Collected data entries
-- Opening Marker --
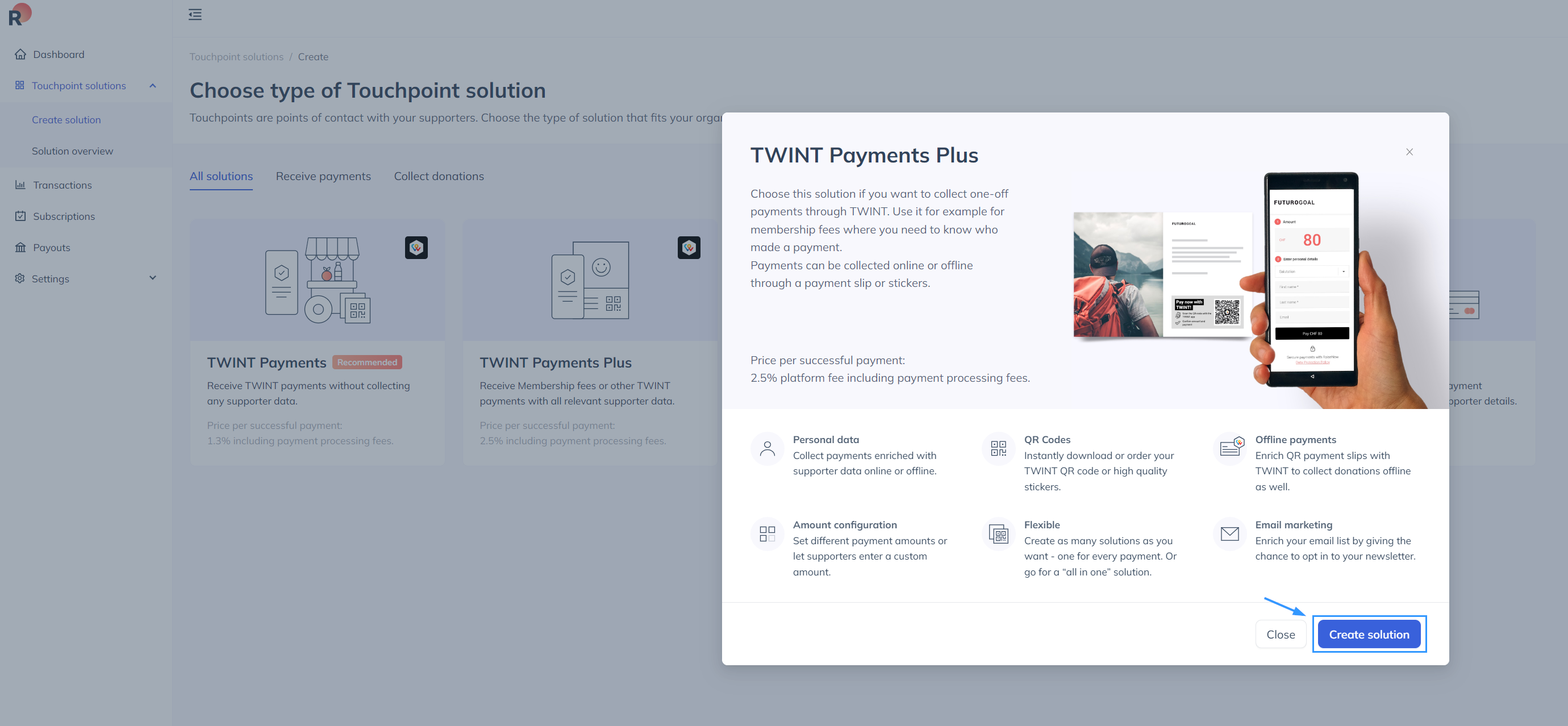 - Select the QR code of the type Receive payments incl. personal data (TWINT Payments Plus):
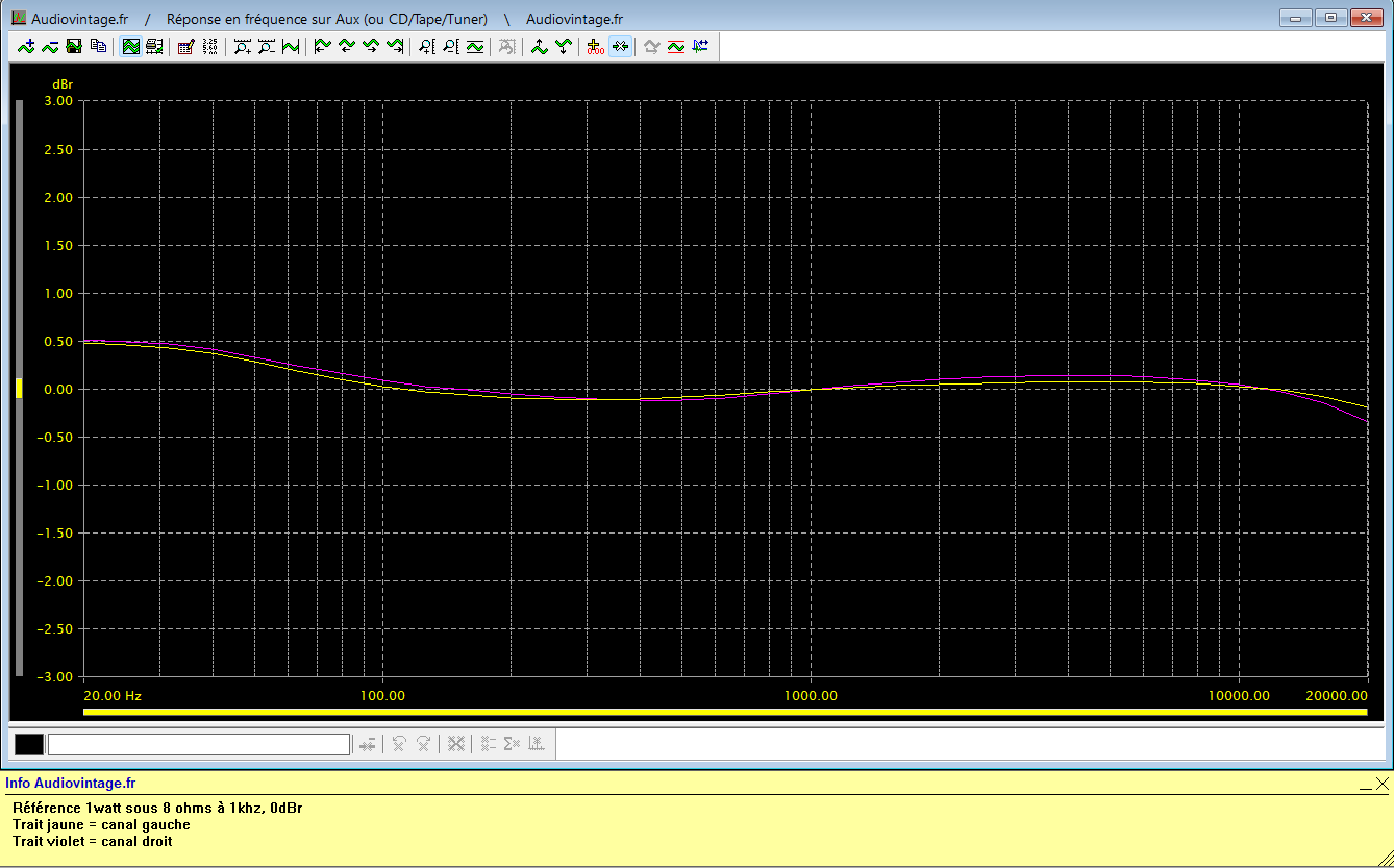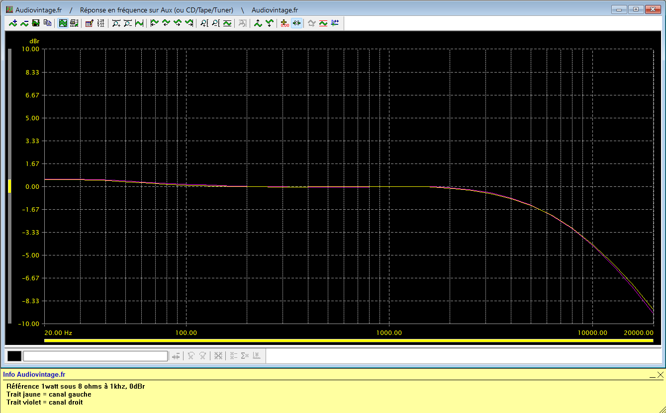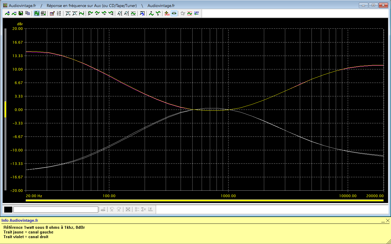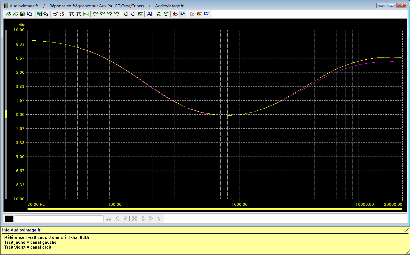 Réponse en fréquence à 2x1w sous 8 ohms, entrée aux, correcteurs de tonalité au mini puis au maxi.
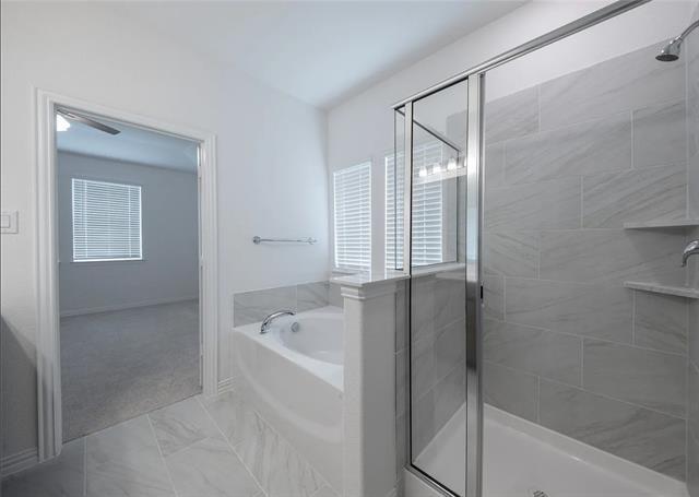 Brand-new North-facing homesite in the desirable Whitewing Trails community of Princeton. This beautifully designed Beazer Home features soaring ceilings, a curved staircase, and an open-concept layout, creating an inviting space ideal for modern family living and entertaining. The elegant designer kitchen offers quartz countertops, 42-inch linen cabinetry, and hardwood flooring throughout the main areas. Enjoy added comfort with a fireplace, covered patio, and a first-floor guest suite for convenience. This home comes move-in ready with refrigerator, washer, dryer, and blinds included—a rare find in new construction! Located in Whitewing Trails, a growing master-planned community with a future pool, splash pad, playground, and onsite elementary school, all within the Princeton ISD boundaries.
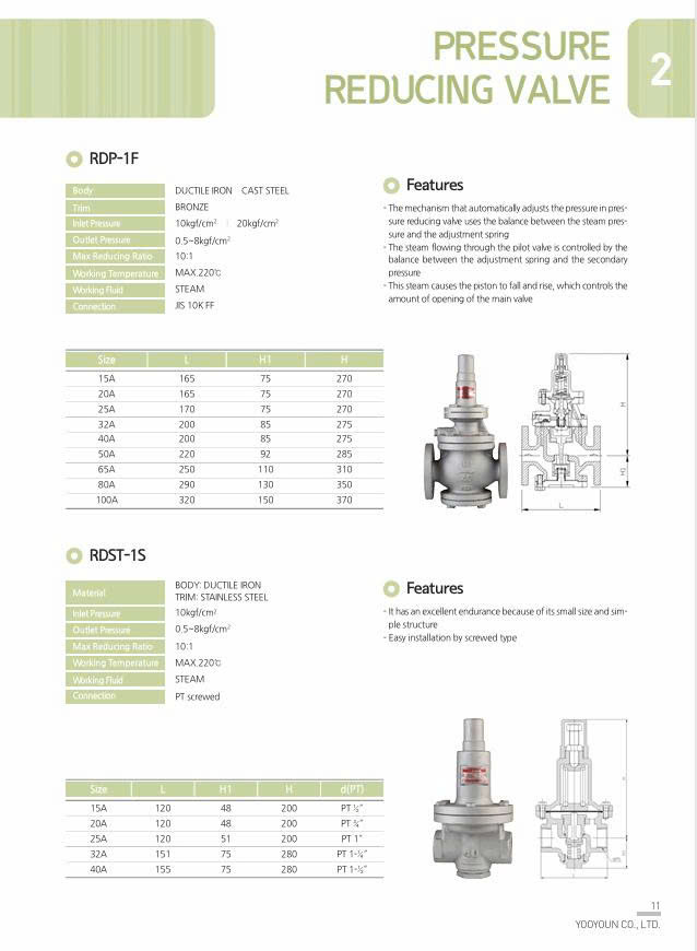Thông số kỹ thuật van giảm áp hơi DN25 RDP -1F
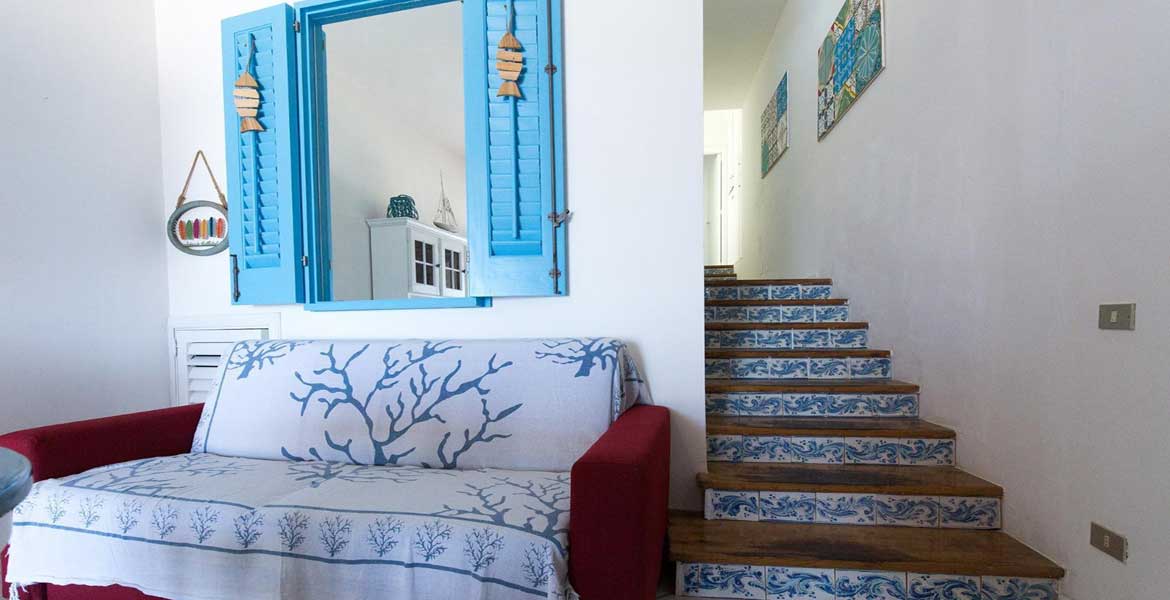 La villetta sul mare in vendita a Canneto di Lipari, Casa Angela, internamente disposta su più livelli, è composta da: cucina soggiorno, camera da letto, cameretta con finestra luce, bagno completo, vano attrezzi seminterrato, pozzo luce con lavatoio, terrazza panoramica abitabile.
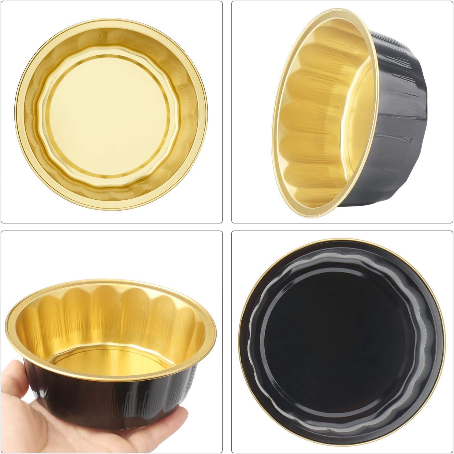 Features:★ High quality aluminum foil material, faster heat conduction and lightweight.★ Our aluminum foil cups can be used on fire, reduce the consumption of energy(Do not put the empty cups on the fire).★ It is a baking cup and also a beautiful packing, do not need to demold and reduce loss.Package included:100 x Beasea aluminum foil cups black gold100 x Beasea plastic cup lidAbout BeaseaBeasea are working for research and development of silicone molds, aluminum foil cups and other home kitchen supplements for many years.We are striving to make high quality products and provide sincere service to every our customers.
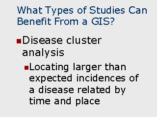 Clusters: A larger than expected number of incidences of a disease related by time and place
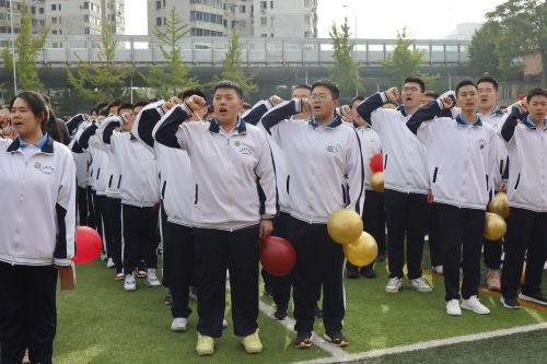 大會第八項,高一高二全體師生為高三學(xué)生加油打氣,連著三遍的“十八而至,青春萬歲”響徹云霄。
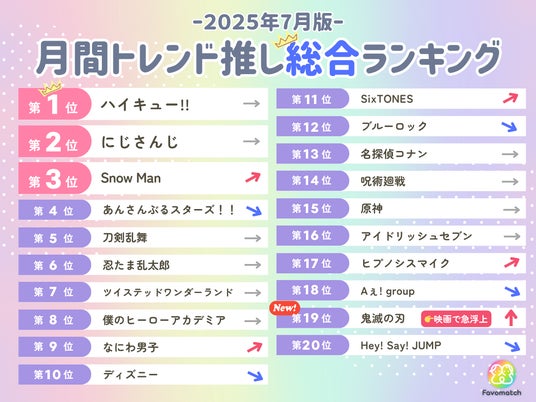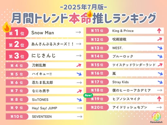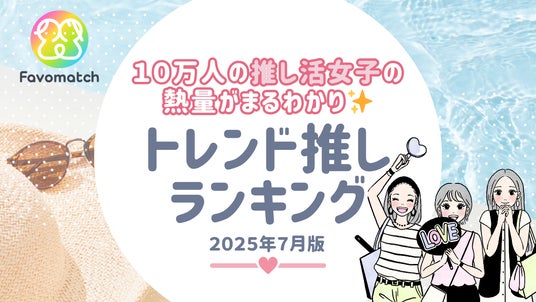 推し活アプリFavomatch(ファボマッチ)を運営する株式会社Favosia(本社:東京都港区、代表:浅埜菜美子)は、2025年7月にアプリ内で最も人気を集めたコンテンツやキャラクターをもとに、「月間トレンド推しランキング(総合/本命/推しメン)」を発表しました。
-- Closing Marker --
Problem
Going through the records above line by line, transcribe each one exactly and skip any pictures.

Result for this task
 - Select the QR code of the type Receive payments incl. personal data (TWINT Payments Plus):
 Réponse en fréquence à 2x1w sous 8 ohms, entrée aux, correcteurs de tonalité au mini puis au maxi.
 Brand-new North-facing homesite in the desirable Whitewing Trails community of Princeton. This beautifully designed Beazer Home features soaring ceilings, a curved staircase, and an open-concept layout, creating an inviting space ideal for modern family living and entertaining. The elegant designer kitchen offers quartz countertops, 42-inch linen cabinetry, and hardwood flooring throughout the main areas. Enjoy added comfort with a fireplace, covered patio, and a first-floor guest suite for convenience. This home comes move-in ready with refrigerator, washer, dryer, and blinds included—a rare find in new construction! Located in Whitewing Trails, a growing master-planned community with a future pool, splash pad, playground, and onsite elementary school, all within the Princeton ISD boundaries.
Thông số kỹ thuật van giảm áp hơi DN25 RDP -1F
 La villetta sul mare in vendita a Canneto di Lipari, Casa Angela, internamente disposta su più livelli, è composta da: cucina soggiorno, camera da letto, cameretta con finestra luce, bagno completo, vano attrezzi seminterrato, pozzo luce con lavatoio, terrazza panoramica abitabile.
 Features:★ High quality aluminum foil material, faster heat conduction and lightweight.★ Our aluminum foil cups can be used on fire, reduce the consumption of energy(Do not put the empty cups on the fire).★ It is a baking cup and also a beautiful packing, do not need to demold and reduce loss.Package included:100 x Beasea aluminum foil cups black gold100 x Beasea plastic cup lidAbout BeaseaBeasea are working for research and development of silicone molds, aluminum foil cups and other home kitchen supplements for many years.We are striving to make high quality products and provide sincere service to every our customers.
 Clusters: A larger than expected number of incidences of a disease related by time and place
 大會第八項,高一高二全體師生為高三學(xué)生加油打氣,連著三遍的“十八而至,青春萬歲”響徹云霄。
 推し活アプリFavomatch(ファボマッチ)を運営する株式会社Favosia(本社:東京都港区、代表:浅埜菜美子)は、2025年7月にアプリ内で最も人気を集めたコンテンツやキャラクターをもとに、「月間トレンド推しランキング(総合/本命/推しメン)」を発表しました。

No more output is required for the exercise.